Oktay Akbal'ın son yazısı: Huzur

23 Mart 2014 Pazar

Ne oluyor bana. Deprem mi, yer sarsıntısı mı, dışardan gelen kamyon sesi mi? Ama bir şey var, içimde bombalar patlatıyor. Kurtuluş artıyor. İstanbul’un Kurtuluş’u değil de bambaşka...

Sonunda çareyi buldum. Yazmak, yine yazmak. Okurlara değil kendime. Hep kendimle konuşmayı, dertleşmeyi istemişimdir. Birkaç uzun süren hastalık geçirdim. Biliyorum bir süredir ayakta da durmak zorluğundan odamdan, daha doğrusu koltuğumdan ayrılamıyorum.

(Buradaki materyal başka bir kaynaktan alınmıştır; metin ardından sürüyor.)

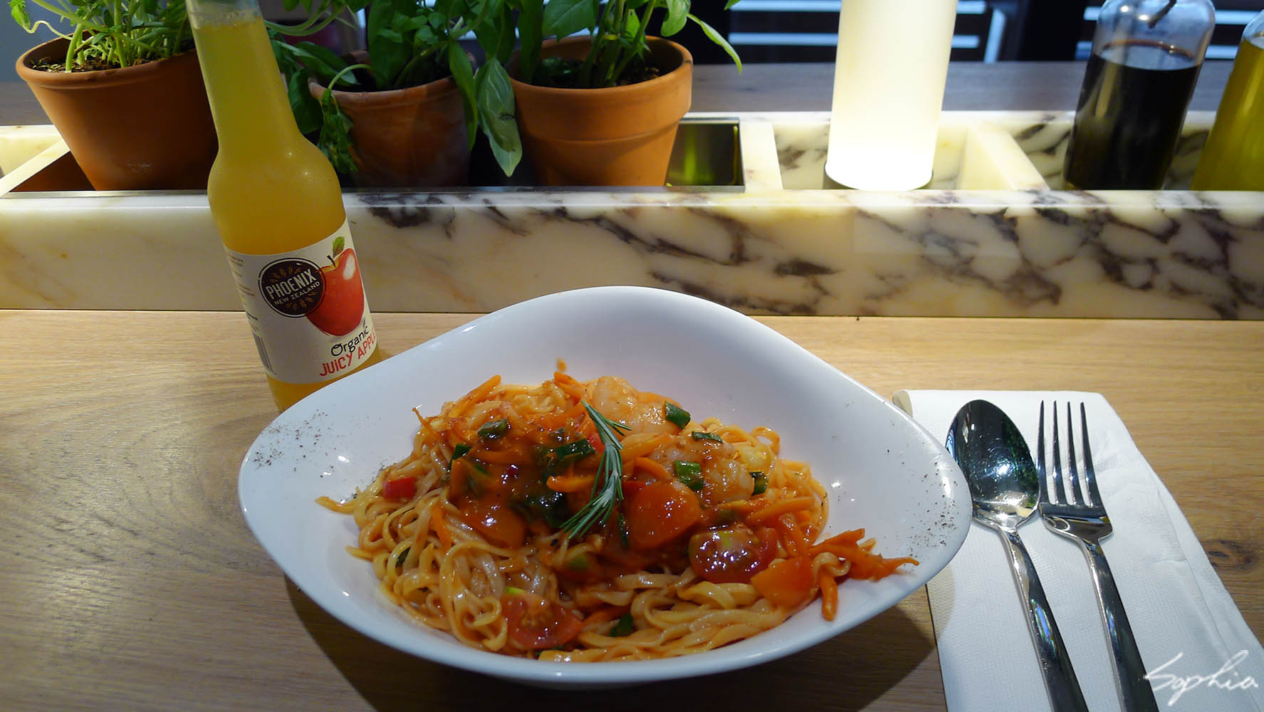 小克點了一份披薩,我則點了一份海鮮番茄義大利麵。點餐時,工作人員詢問要加什麼調味料 (可以自己選),我說了不要起司後,訓練有素的她馬上了解我不能吃乳製品,所以很小心的把所有相關的乳製品調味料都去除了。

Bu benim bugünkü hikâyemin başlangıcı. Bir başlarsın, tutamazsın sonra. Gider gider, gittikçe ilerler. Hani bir başlasam derler ya. Başla, bitirse o olacak. Kime seslendiğini biliyorsa doğru, ya kimseyi ilgilendirmiyorsa sözcüklerinin yan yana gelmesi. Olsun, öyle de olsa bir anlamı vardır. Bu anlam sözcüğü çok şey ifade ediyor. Bir aramakla geçer yaşam derler. Yaşamın kendisi de bir aldatmaca değil mi?

Ben masalları sevmem. Hep iyiye güzele doğru yazılar yazıp içimi dökerim. Olanca içtenlikli aydınlığımla. Bir an ölüm gelmeli dersin. Ama gelmez. Onun da bir sırası mı vardır insana sunduğu. O kadar işte; otur kitabını oku, dışarısını seyret. Bak bir dost geldi durup dururken beni o eskimiş günlere götürdü. Becerdi ama içimde umut diye bir şey varsa, onu da yıktı, çökertti. Niye hep kendin, hep kendi duyarlılığın mı? Sen de benim gibi düşünmüyor musun; bu şubat, ya da mart sabahında pencereyi aç biraz soluk al. Nefes nefese tıkanmaktan sıyır kendini. Bu bir hasta raporu gibi. Gerçekte hepimiz hastayız, ölçüden ölçüye.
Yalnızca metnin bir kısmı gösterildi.